Material transfer (Advection)
As we already said in the introduction, the advection is the short term of extrapolating the grid's content. For the particle based simulators the advection is very simple and intuitive, you just have to add the velocity to the particle's coordinates, multiplied by the time step. However, for the grid based simulators the advection is much more complicated. Imagine a simple bitmap containing a moving car, you know the velocity of the car and have to create an image of the same car after one second. The simulator's advection has the exact same task. Sounds easy, right? However, there are two major problems: what we have to draw in the old position of the car, and what we shall do if the car's movement is not an integer count of pixels, which is the usual situation. There are different solutions, but all of them involve interpolation and therefore blur the content. This is one of the most important disadvantages of the grid advection, and to minimize the blur it is recommended to keep the SPF as low as possible.
Method (MXS: advtype) - specifies the algorithm used for calculating the advection
Classic(Semi-Lagrangian) - this is the most commonly used algorithm for advection. Has good stability , the only method that can achieve settled liquids, but does not strictly conserve the quantity of the transferred material.
Slow moving - this method is a modification of the Semi-Lagrangian method optimized for slow moving fluids and preventing the numerical dissipation.
Forward transfer - good conservation abilities, but less stability compared to the classic method. Tends to produce cross-like artifacts and underwater cavities when used with liquids.
Multi-pass - this less dissipative method, produces more fine details and keeps the smoke interface sharper compared to other methods, recommended for large scale explosions, veil-like smoke, pyroclastic flows, and all other situations where the sharpness is important.

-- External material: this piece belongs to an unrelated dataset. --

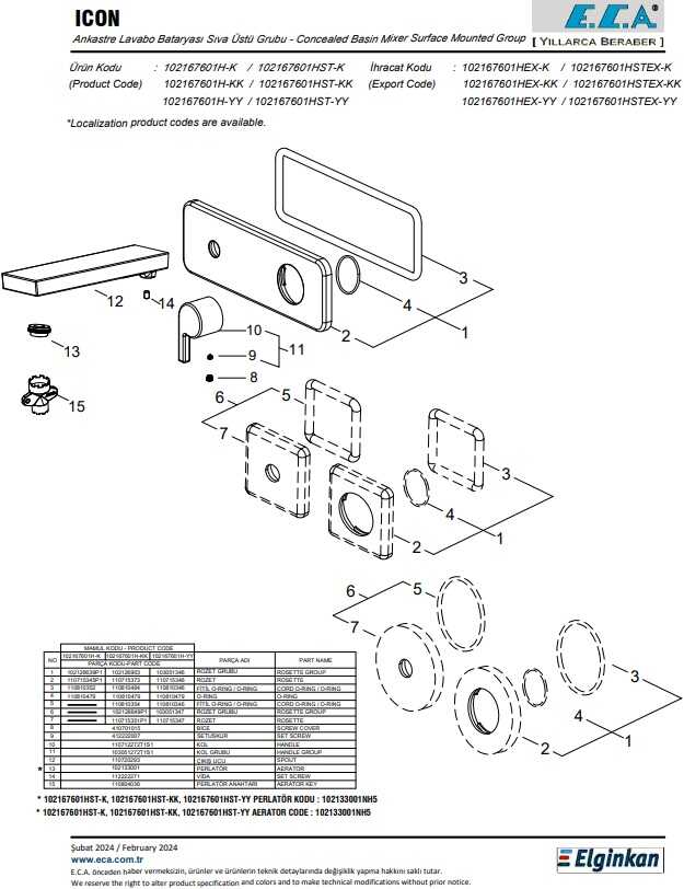 İnovatif E.C.A. Hygiene Plus kaplama Kireç kırıcılı gizli perlatöre sahiptir Farklı rozet alternatifleri mevcuttur Çıkış ucu uzunluğu 190 mm’dir 3 bar basınçta su akış miktarı dakikada maksimum 6,9 lt 102166601 kodlu sıva altı grubu ayrıca alınmalıdır.

Steps per frame (SPF) (MXS: spflimit0) - with this parameter we set the simulation time step to a good enough value for plausible extrapolation. Because the time step parameter is confusing for most users, we now set the simulation steps per frame instead. This parameter is very important and is closely related to the simulation's dynamics. When the simulation moves quickly, you have to use higher SPF, otherwise the result tends to form artifacts like grainy appearance, flickering liquid surface, etc. Higher SPF decreases the performance in a linear way, i.e. if you increase the SPF twice, your simulation will go twice as slow. However, the quality does not have linear relation to the SPF. Each simulation step kills fine details, and thus you have to use the lowest possible SPF that hides the above mentioned artifacts. Phoenix FD supports non integer SPF and SPF below 1, but It's recommended to use an integer value when possible. Values below 1 are needed when the simulation is very slow.
(MXS: A_StartSim, A_StopSim) - start, pause and stop the simulation.
- if the velocity channel is exported, Phoenix FD is able to restore the simulation. This command finds the nearest file containing velocity channel and continues the simulation from there (see Backup interval parameter).
Load (MXS:A_StartSim) - loads the content of a chosen cache file as initial state for the simulation.